### TASK GOAL:
Given these entries, repeat exactly the lines starting with the one that has "AUDNZD has been" and going on through the one that has "Наваристый ароматный суп", both included, but none of the pictures.

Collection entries
%%

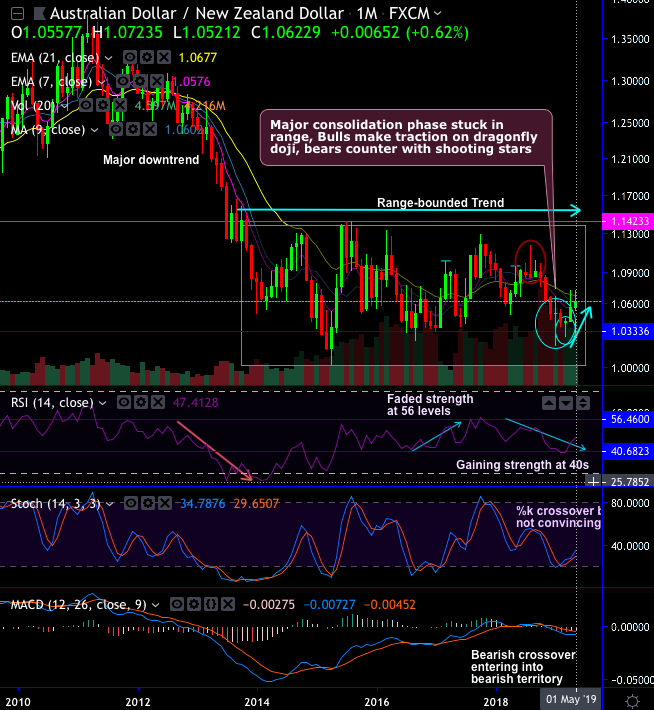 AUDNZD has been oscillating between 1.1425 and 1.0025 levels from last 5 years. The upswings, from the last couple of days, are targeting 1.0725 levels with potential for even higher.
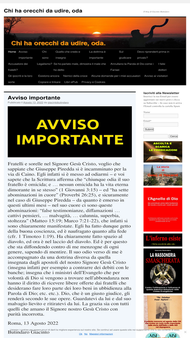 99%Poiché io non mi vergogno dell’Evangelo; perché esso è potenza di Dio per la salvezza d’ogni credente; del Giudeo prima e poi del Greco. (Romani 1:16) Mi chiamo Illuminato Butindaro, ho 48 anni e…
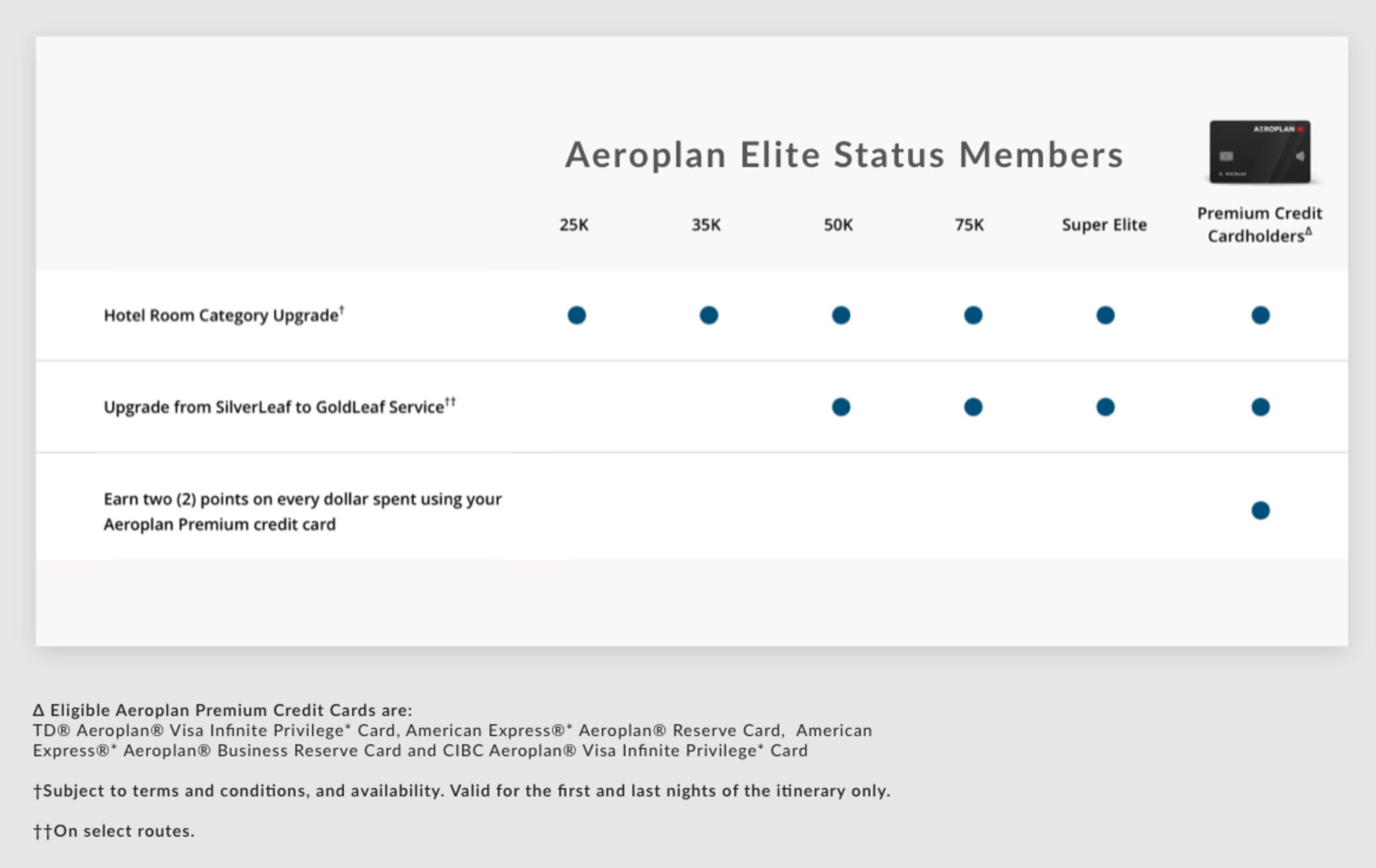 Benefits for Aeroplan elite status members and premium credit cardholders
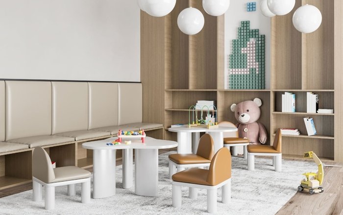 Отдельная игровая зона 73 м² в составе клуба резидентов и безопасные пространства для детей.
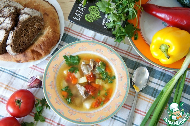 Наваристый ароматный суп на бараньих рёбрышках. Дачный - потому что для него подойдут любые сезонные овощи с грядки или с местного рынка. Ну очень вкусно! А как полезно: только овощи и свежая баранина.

%%
%%

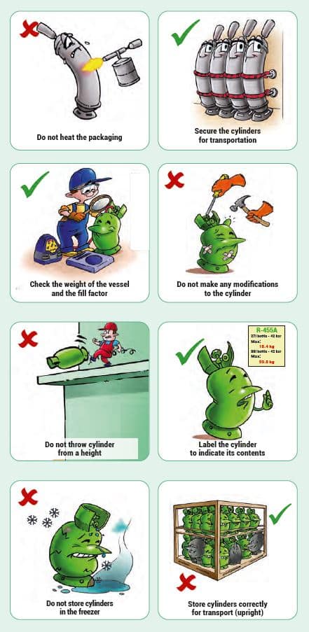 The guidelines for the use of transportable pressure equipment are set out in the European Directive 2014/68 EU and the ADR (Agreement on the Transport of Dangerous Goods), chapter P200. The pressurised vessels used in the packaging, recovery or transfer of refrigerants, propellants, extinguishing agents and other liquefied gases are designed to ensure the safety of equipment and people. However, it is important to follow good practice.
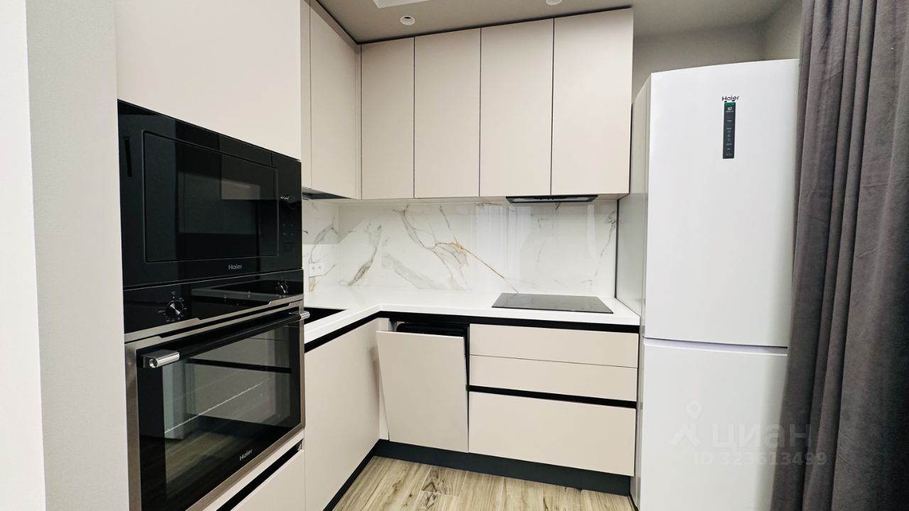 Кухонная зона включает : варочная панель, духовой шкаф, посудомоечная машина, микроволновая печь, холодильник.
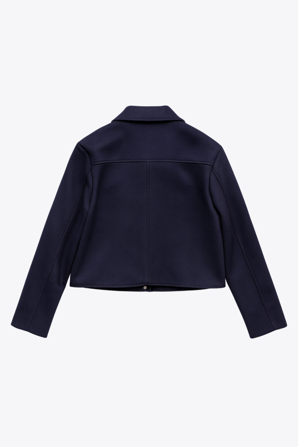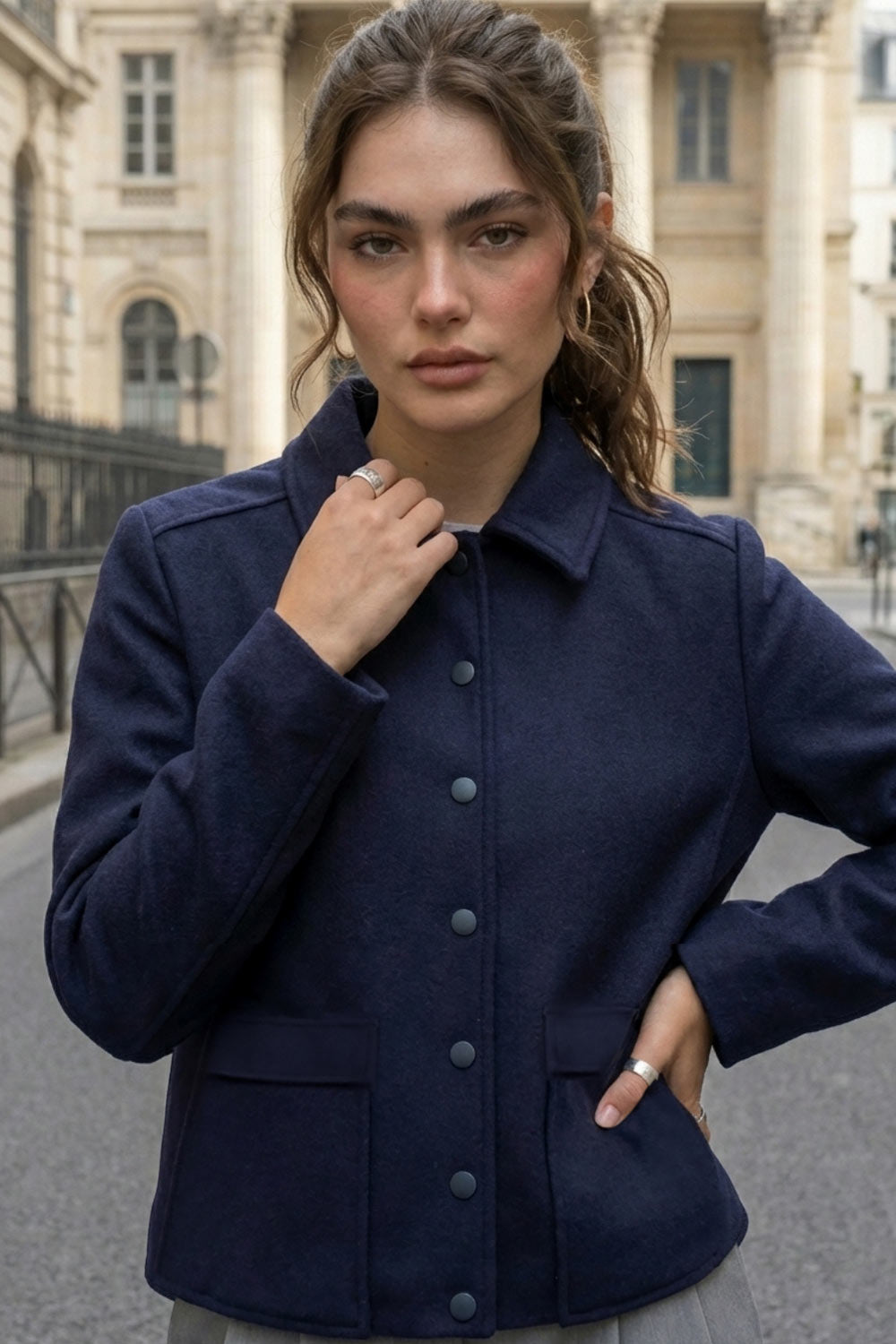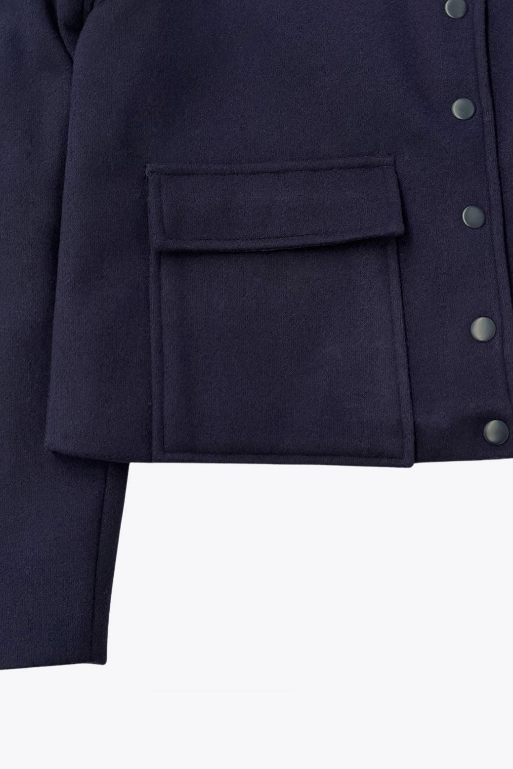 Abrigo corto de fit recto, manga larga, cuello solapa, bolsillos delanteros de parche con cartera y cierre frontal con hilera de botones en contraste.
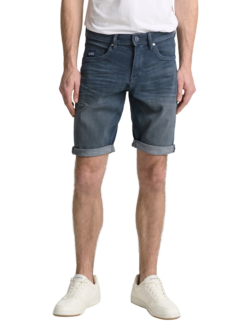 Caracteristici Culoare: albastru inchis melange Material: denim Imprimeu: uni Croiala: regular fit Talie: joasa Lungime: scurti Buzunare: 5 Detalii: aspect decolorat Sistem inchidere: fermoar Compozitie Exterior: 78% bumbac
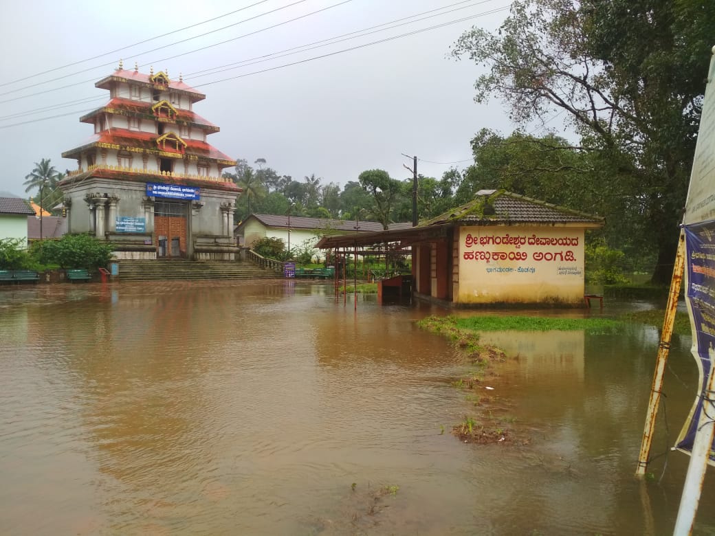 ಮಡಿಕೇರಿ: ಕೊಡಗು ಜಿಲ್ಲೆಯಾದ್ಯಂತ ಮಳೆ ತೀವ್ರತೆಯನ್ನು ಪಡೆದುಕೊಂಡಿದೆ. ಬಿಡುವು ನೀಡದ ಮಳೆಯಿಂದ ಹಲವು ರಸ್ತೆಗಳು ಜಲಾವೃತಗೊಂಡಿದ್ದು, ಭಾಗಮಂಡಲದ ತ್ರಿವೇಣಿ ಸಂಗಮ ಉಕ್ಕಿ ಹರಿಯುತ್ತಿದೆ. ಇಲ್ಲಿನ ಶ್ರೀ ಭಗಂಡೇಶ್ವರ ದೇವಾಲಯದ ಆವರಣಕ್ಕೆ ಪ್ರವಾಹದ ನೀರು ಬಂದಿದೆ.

%%

### THE COMPLETED TASK:
 AUDNZD has been oscillating between 1.1425 and 1.0025 levels from last 5 years. The upswings, from the last couple of days, are targeting 1.0725 levels with potential for even higher.
 99%Poiché io non mi vergogno dell’Evangelo; perché esso è potenza di Dio per la salvezza d’ogni credente; del Giudeo prima e poi del Greco. (Romani 1:16) Mi chiamo Illuminato Butindaro, ho 48 anni e…
 Benefits for Aeroplan elite status members and premium credit cardholders
 Отдельная игровая зона 73 м² в составе клуба резидентов и безопасные пространства для детей.
 Наваристый ароматный суп на бараньих рёбрышках. Дачный - потому что для него подойдут любые сезонные овощи с грядки или с местного рынка. Ну очень вкусно! А как полезно: только овощи и свежая баранина.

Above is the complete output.